_WORK TASK_:
Go through the listing below and retype exactly the lines starting at the one with "자세한 내용은 시험 홈페이지(http://www.historyexam.go.kr)를" and ending at the one with "Super praktisk snack", skipping pictures.

_MATERIAL SUPPLIED_:
··········

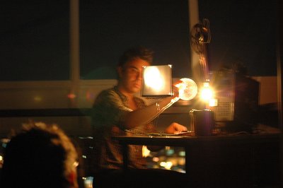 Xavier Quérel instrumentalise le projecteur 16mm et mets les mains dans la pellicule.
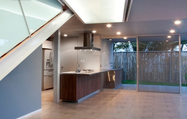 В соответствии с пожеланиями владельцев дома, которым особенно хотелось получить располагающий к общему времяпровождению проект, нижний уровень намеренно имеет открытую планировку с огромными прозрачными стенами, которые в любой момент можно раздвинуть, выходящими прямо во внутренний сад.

··········

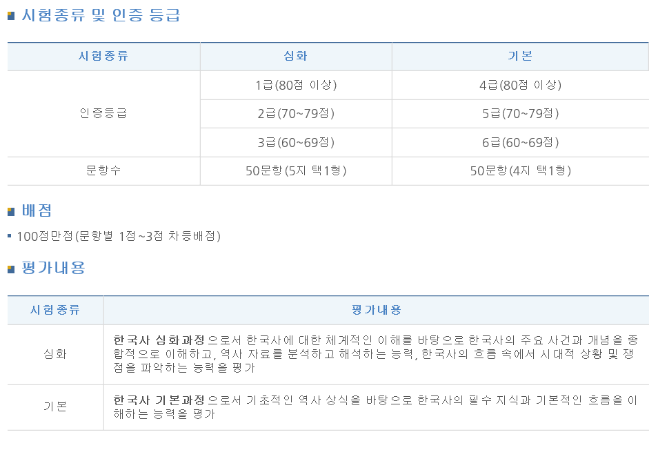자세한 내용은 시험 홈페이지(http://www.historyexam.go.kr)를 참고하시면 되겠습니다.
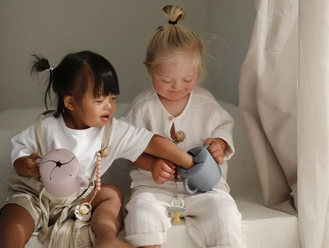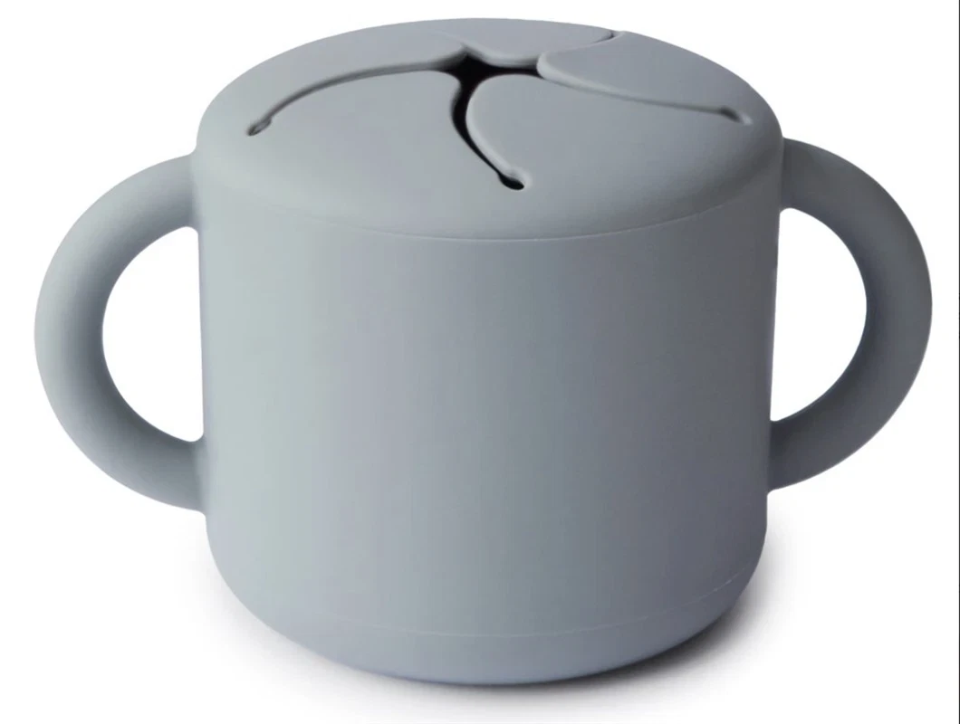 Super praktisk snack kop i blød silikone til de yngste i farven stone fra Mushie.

··········

_EXERCISE ANSWER_:
자세한 내용은 시험 홈페이지(http://www.historyexam.go.kr)를 참고하시면 되겠습니다.
 Super praktisk snack kop i blød silikone til de yngste i farven stone fra Mushie.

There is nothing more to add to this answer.